Having taken the first 2 steps and read a lot of the NBME's pubs on test construction, I would argue that the exams are becoming much better at testing relevant clinical thinking. It's not just picking the correct dx out of a list, but picking it out of a list of 5-10 things that would be your actual ddx in real life. Even on Step 1 I remember questions where all the answer diagnoses were highly plausible and I had to really tease through the history and the labs to figure out the right one (which is exactly what the questions were likely trying to test).
Learning to make a good ddx is definitely something you do more in third year and beyond, but my experience has been that the stronger students from preclinical years do this much better than the rest. While they may not automatically be a star, it's highly likely unless they have some sort of social interaction issues. My first 2 clerkships were surgery and IM and I definitely used my built up knowledge base every day and I think it helped me stand out. My anecdotal observations have been that the top students are much better clinically, perhaps because they don't have to worry as much about the shelf and can focus on developing their clinical skills.

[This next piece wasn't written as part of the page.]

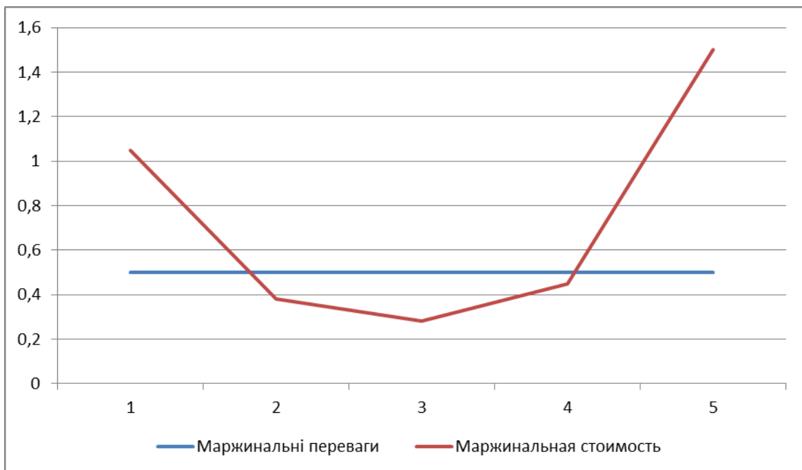
Рис. 1.4- Вплив маржинальної вартості на розмір проєкту

аналізу є визначення проєкту, який має найменшу вартість або чисті вигоди. Субсидії, такі як гранти або знижки, отримані від зовнішніх джерел, не повинні бути включені в аналіз.
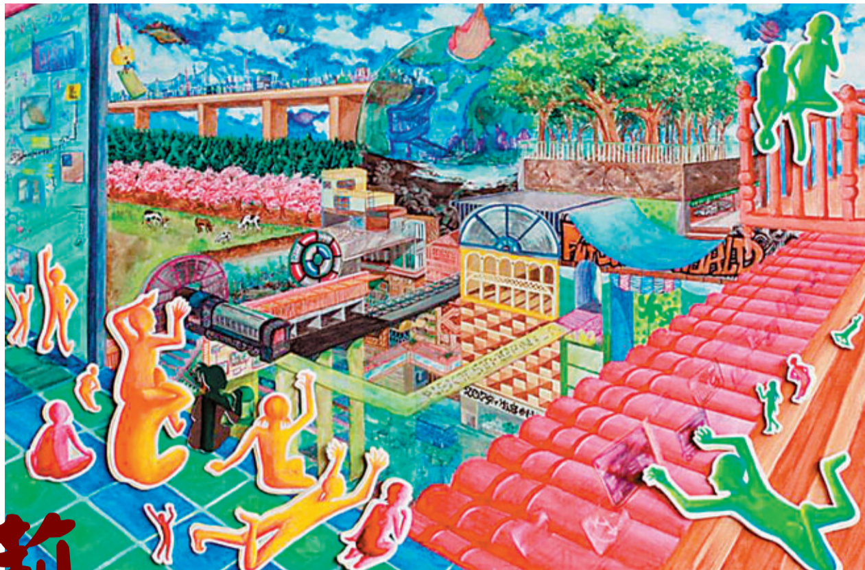
羅淑敏作品：《科技與未來》

The college --> med school transition definitely results in half of a group of former top students becoming below average. This same thing doesn't happen from M2 --> M3 because it's still the same group of people. Sure, maybe a tiny few are unable to pass Step 1 and leave the class but this would not significantly impact the others. The people I can think of who struggled with the transition to M3 were those who were very inefficient studiers and struggled with the drastic reduction in available study hours. Everyone feels like an idiot at least once every day, but that's just part of the experience.